Interpolation via weighted $l_1$ minimization

TL;DR

This paper introduces a weighted $l_1$ minimization method that simultaneously promotes sparsity and smoothness in function interpolation, extending compressive sensing concepts to structured sparse expansions.

Contribution

It proposes specific weight choices in $l_1$ minimization to improve function reconstruction, integrating smoothness and sparsity priors, and extends theoretical properties to weighted sparse expansions.

Findings

Achieves interpolation rates for functions with weighted $l_p$ coefficients.

Extends restricted isometry and null space properties to weighted sparse settings.
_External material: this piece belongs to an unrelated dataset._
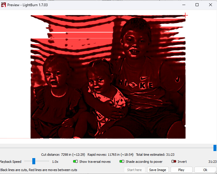 Hi Jim! Thanks for your reply! Once I turned on “show traversal moves" I immediately saw the issue. When I researched what overscan is, I got it figured out… for one pass! Had it going, but speed was too fast and power too low so it didn’t burn anything (after adjusting the overscan value). So I stopped the job, increased power, reduced speed (from 17000 to 3200), and now it’s doing it again! I turned off overscan but that didn’t help a bit! This thing was working perfectly until the upgrade and burning a test grid on a couple of different media.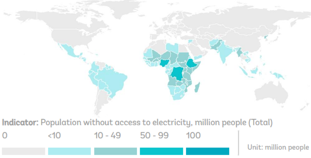 图表:世界各国缺乏电力供应的人口数量(2023年)

Applicable to spherical harmonic and polynomial interpolation in multiple dimensions.

Abstract

Functions of interest are often smooth and sparse in some sense, and both priors should be taken into account when interpolating sampled data. Classical linear interpolation methods are effective under strong regularity assumptions, but cannot incorporate nonlinear sparsity structure. At the same time, nonlinear methods such as $l_1$ minimization can reconstruct sparse functions from very few samples, but do not necessarily encourage smoothness. Here we show that weighted $l_1$ minimization effectively merges the two approaches, promoting both sparsity and smoothness in reconstruction. More precisely, we provide specific choices of weights in the $l_1$ objective to achieve rates for functions with coefficient sequences in weighted $l_p$ spaces, $p<=1$. We consider the implications of these results for spherical harmonic and polynomial interpolation, in the univariate and multivariate setting. Along the way, we extend concepts from compressive sensing such as the restricted isometry property and null space property to accommodate weighted sparse expansions; these developments should be of independent interest in the study of structured sparse approximations and continuous-time compressive sensing problems.